**DATA SEGMENT**:
• • • • • • •

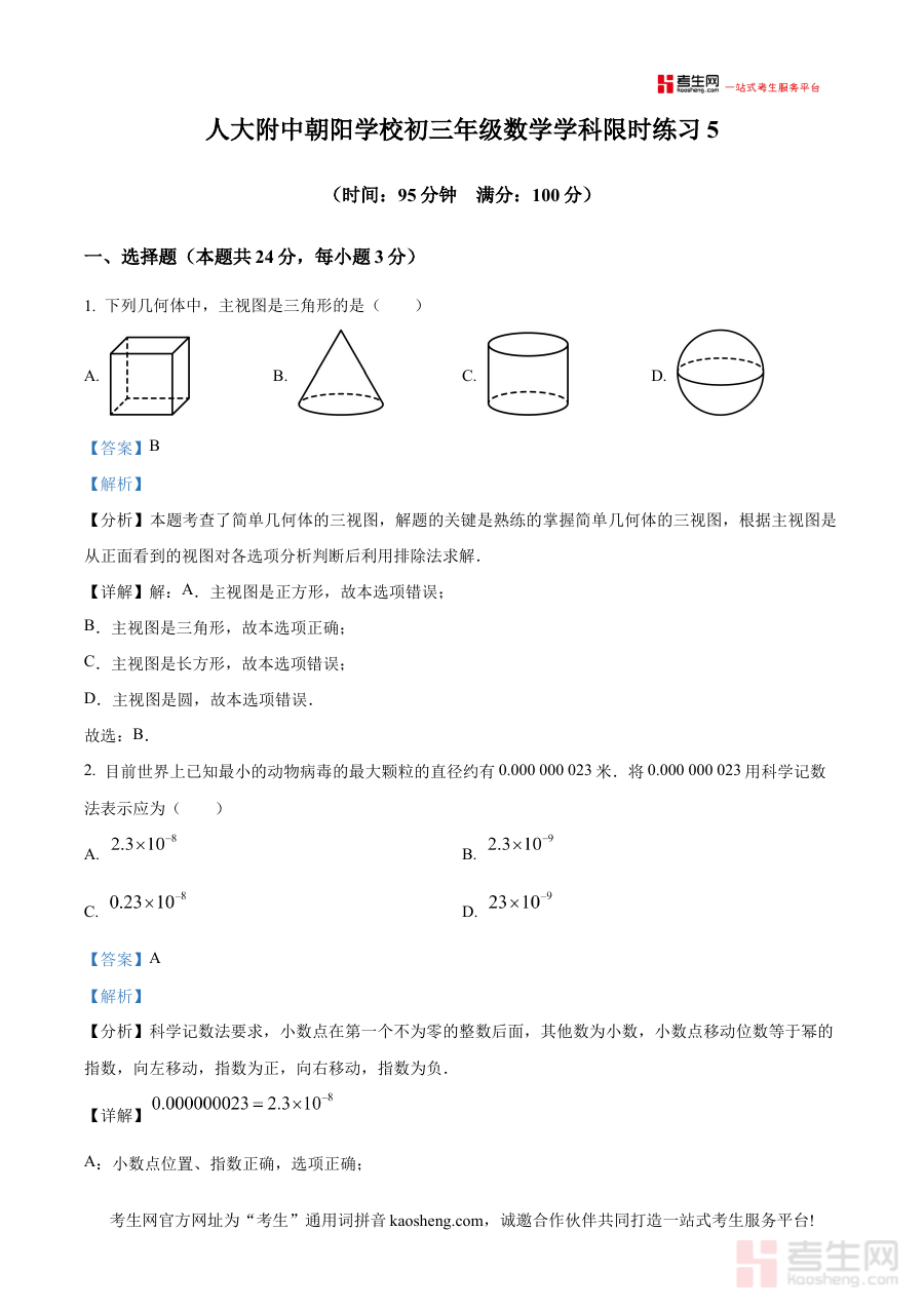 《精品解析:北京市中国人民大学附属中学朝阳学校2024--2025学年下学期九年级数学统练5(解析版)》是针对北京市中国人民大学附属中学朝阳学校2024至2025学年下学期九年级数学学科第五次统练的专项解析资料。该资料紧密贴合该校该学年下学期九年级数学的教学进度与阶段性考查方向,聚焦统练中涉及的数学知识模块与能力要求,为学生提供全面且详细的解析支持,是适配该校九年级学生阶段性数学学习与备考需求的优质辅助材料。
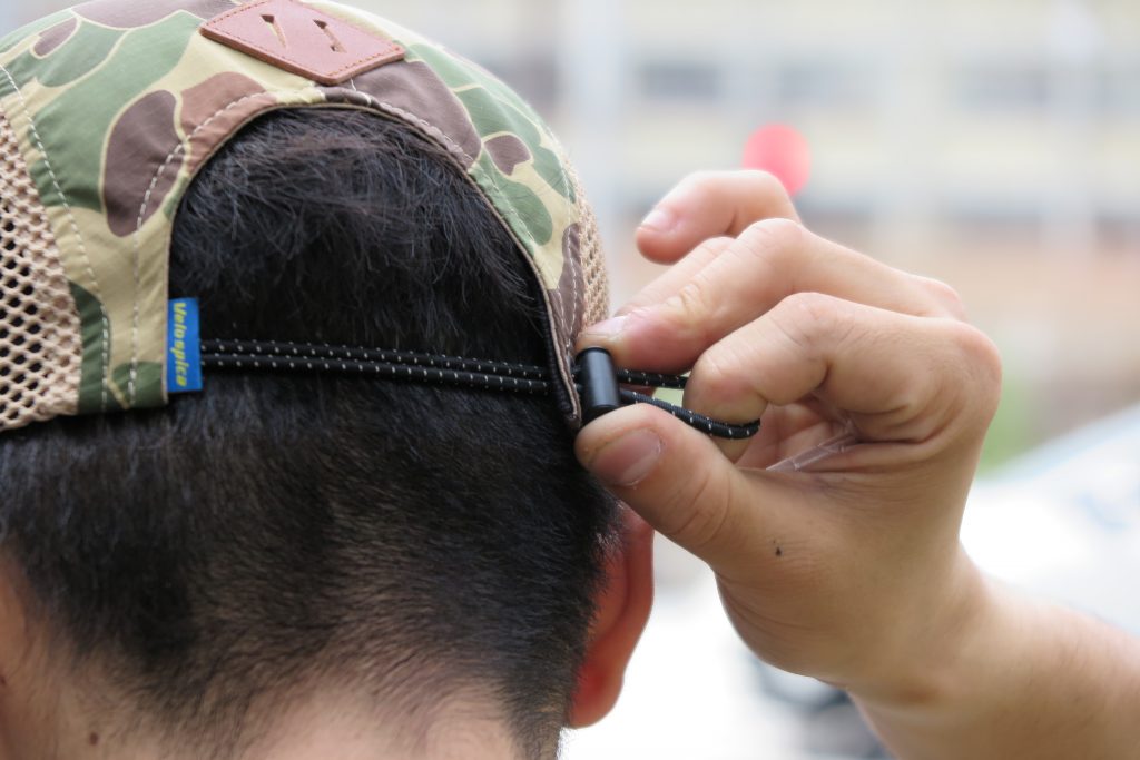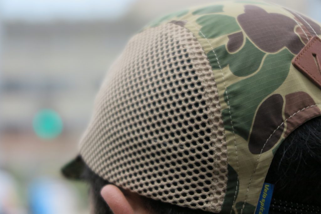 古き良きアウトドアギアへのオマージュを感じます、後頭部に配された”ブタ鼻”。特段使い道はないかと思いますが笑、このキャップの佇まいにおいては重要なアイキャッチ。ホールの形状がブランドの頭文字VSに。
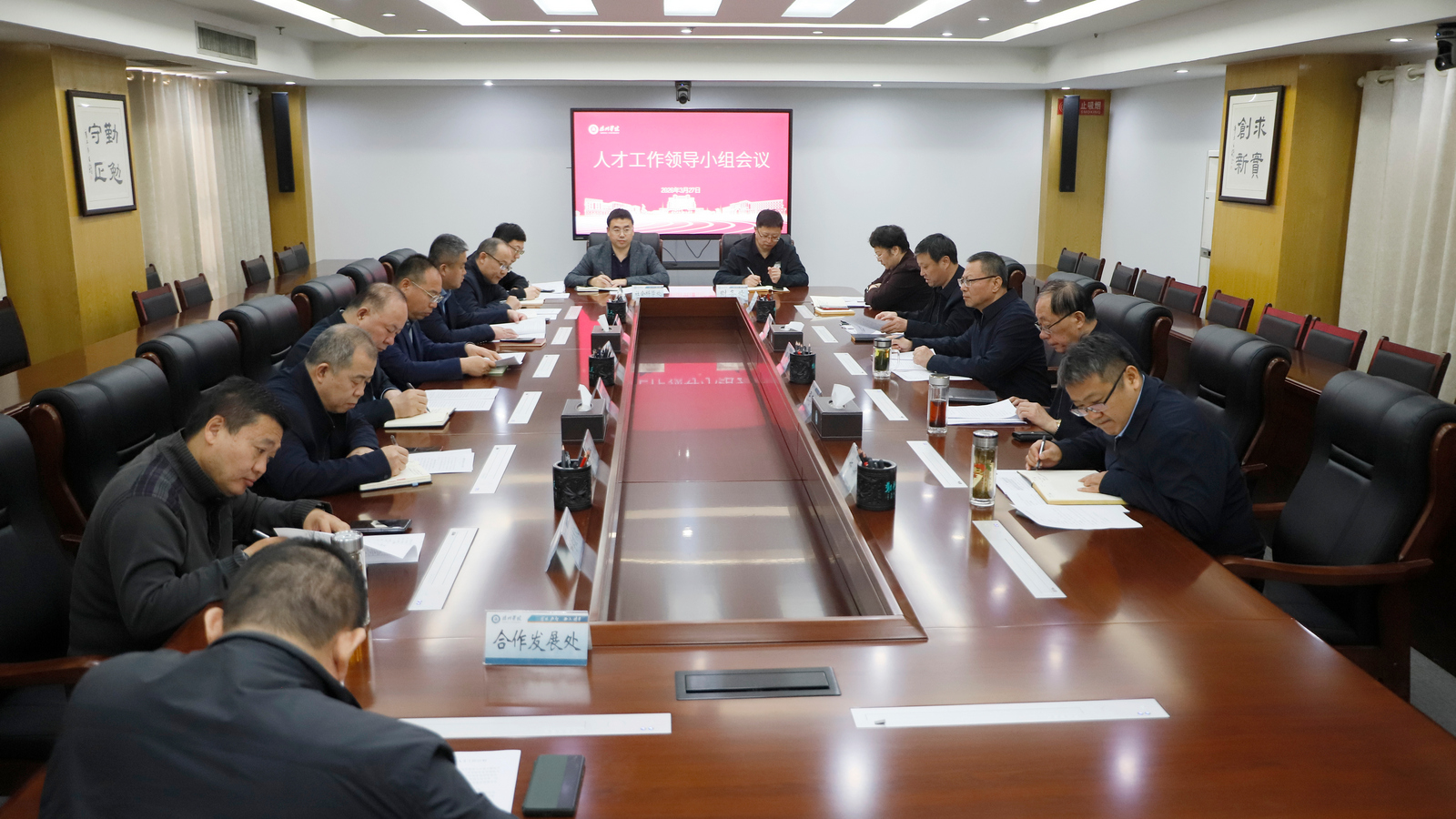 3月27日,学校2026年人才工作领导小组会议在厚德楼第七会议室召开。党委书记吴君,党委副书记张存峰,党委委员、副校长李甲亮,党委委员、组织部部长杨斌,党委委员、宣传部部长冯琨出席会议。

• • • • • • •

**AIM OF THE TASK**: Everything in the listing must be restated word for word, except for the pictures.

**EXERCISE RESPONSE**:
 《精品解析:北京市中国人民大学附属中学朝阳学校2024--2025学年下学期九年级数学统练5(解析版)》是针对北京市中国人民大学附属中学朝阳学校2024至2025学年下学期九年级数学学科第五次统练的专项解析资料。该资料紧密贴合该校该学年下学期九年级数学的教学进度与阶段性考查方向,聚焦统练中涉及的数学知识模块与能力要求,为学生提供全面且详细的解析支持,是适配该校九年级学生阶段性数学学习与备考需求的优质辅助材料。
 古き良きアウトドアギアへのオマージュを感じます、後頭部に配された”ブタ鼻”。特段使い道はないかと思いますが笑、このキャップの佇まいにおいては重要なアイキャッチ。ホールの形状がブランドの頭文字VSに。
 3月27日,学校2026年人才工作领导小组会议在厚德楼第七会议室召开。党委书记吴君,党委副书记张存峰,党委委员、副校长李甲亮,党委委员、组织部部长杨斌,党委委员、宣传部部长冯琨出席会议。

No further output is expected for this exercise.